British Airways i360 not 'tallest moving observation tower'

The British Airways i360 attraction must no longer claim it is the world's tallest moving observation tower after the advertising watchdog ruled it was "misleading".

The Brighton structure, which was designed by the same team behind the London Eye, holds the Guinness World Record for the most slender tower with a diameter of 13ft (3.9m) at its widest point.

But it can no longer claim it is the world's tallest moving observation tower after the Advertising Standards Authority (ASA) upheld a complaint that there were a number of other observational towers with moving platforms that were taller.

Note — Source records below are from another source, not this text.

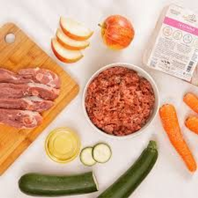 Osso carnoso di tacchino: 35%, carne di tacchino: 25%, ventriglio di tacchino: 10%, fegato di tacchino: 8%, grasso di tacchino: 4%, carota: 4%, mela: 4%, zucchine: 2%, prezzemolo: 1%, broccoli: 1%, Ascophyllum nodosum (alghe e olio d'oliva: 1%
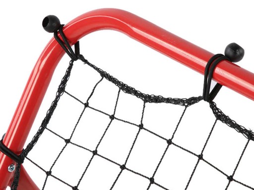 Rama rebounder'a wykonana jest ze stali, pokrytej lakierem w intensywnym, czerwonym kolorze. Nylonowa siatka o grubym splocie jest odporna na wielokrotne uderzenia piłką. W zestawie znajdują się cztery śledzie, które zagwarantują stabilność konstrukcji. Rama posiada czterostopniową regulację głębokości, a co za tym idzie konta nachylenia siatki. W zestawie z bramką znajduje się 20 elastycznych odciągów, które zapewniają odpowiednie naprężenie siatki, aby trening był efektywny i wygodny.
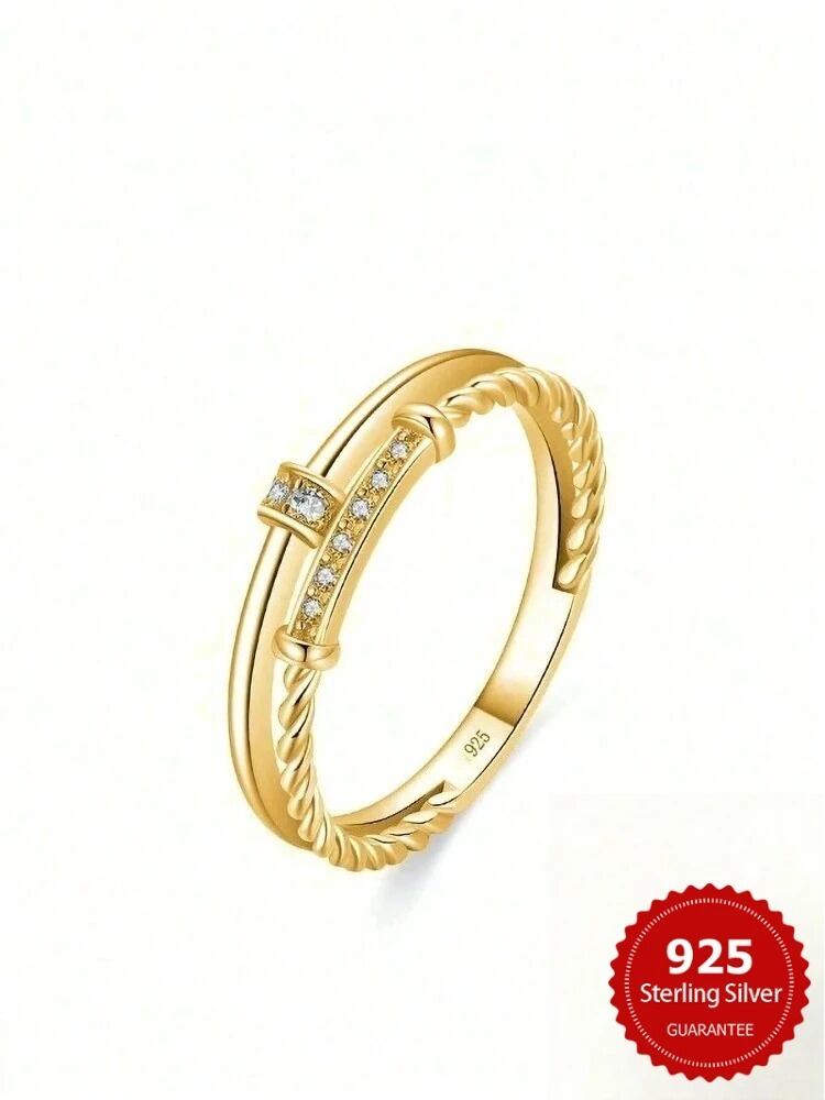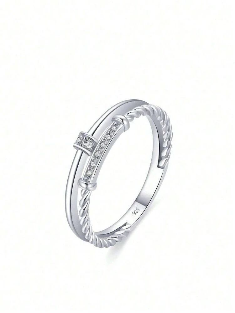 〈2Color〉2連風ジルコニア ツイストラインリング M3 -0416

Brighton i360 said they did not claim to have the highest moving observation tower but the tallest, defined as "measuring a specified distance from top to bottom".

They said the "tallest moving observation tower" referred to the distance from which the pod travelled - from ground level to 138 metres - a greater vertical distance than any other moving observation tower.

They added there was no evidence any consumer had been misled by their claim.

The ASA said consumers would understand "the world's tallest moving observation tower" to mean the observation desk rose to a height higher than any other moving observation tower in the world.

It said: "We noted the British Airways i360 moved a greater distance from the ground up than other towers.

"However, while the evidence provided by British Airways i360 showed that other moving observation areas rose from halfway up a tower structure and not from the ground, we noted that those towers rose higher into the air than the British Airways i360.

"Because we did not consider the British Airways i360 was taller than other observation towers in the way that consumers would understand it, we therefore concluded the ad was misleading."

Steve Bax, executive director of British Airways i360, said: "British Airways i360 has received multiple prestigious awards for innovation, design and the quality of our visitor experience, and while the ASA ruling was disappointing it does not change our position as a world-class attraction which is giving inspiration and delight to hundreds of thousands of people every year."